Quotes about John Rohr edit

  • In a cool, rational and detached manner, Prophets Without Honor, destroys every possible argument for selective conscientious objection (SCO). The author, John A Rohr, does not think SCO would contribute significantly to the public interest of the United States. He would rather have these men of conscience (SCO's) compare to prophets of old and we, America, likened to Jerusalem who "stoned here prophets."
    • Patricia F. McNeal, "Book review: John A. Rohr: Prophets Without Honor: Policy and the Selective Conscientious Objector. Abingdon Press, 1971." The Review of Politics 35.02 (1973): 258-260.

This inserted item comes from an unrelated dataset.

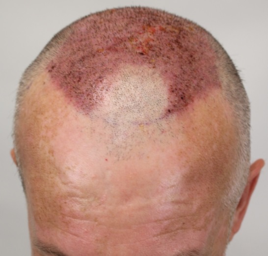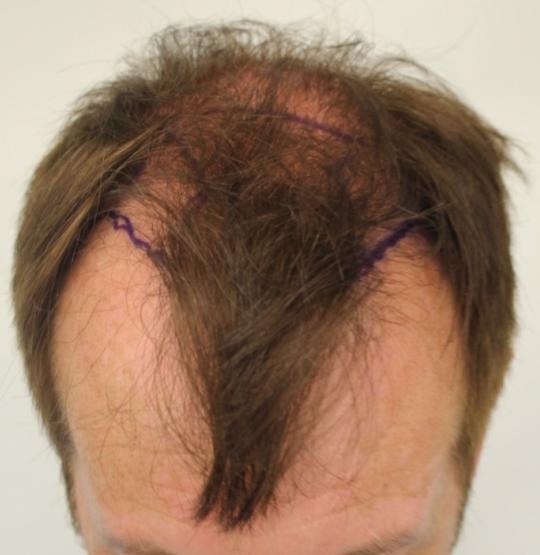 Please note: The patient's hair was coloured to allow easier visibility of the grafts during his procedure.

  • When I was president of the American Society for Public Administration, I grappled with questions of where that field was going, how it could make itself relevant to those who must steer the business of government on a daily basis, to those who must respond to citizens 24/7... Now I find myself asking a similar question, but this time in terms of political science. Happily, I see glimmers of light, giving hope that the field is returning to that which made it relevant in the first place: a search for guidance and truths about what it takes, as first Woodrow Wilson (1887), then Marshall Dimock (1937), and more recently John Rohr (1986) remind us, to "run a constitution."
    • Mary E. Guy, "Ties that bind: The link between public administration and political science." Journal of Politics 65.3 (2003): 641-655; p. 642-3.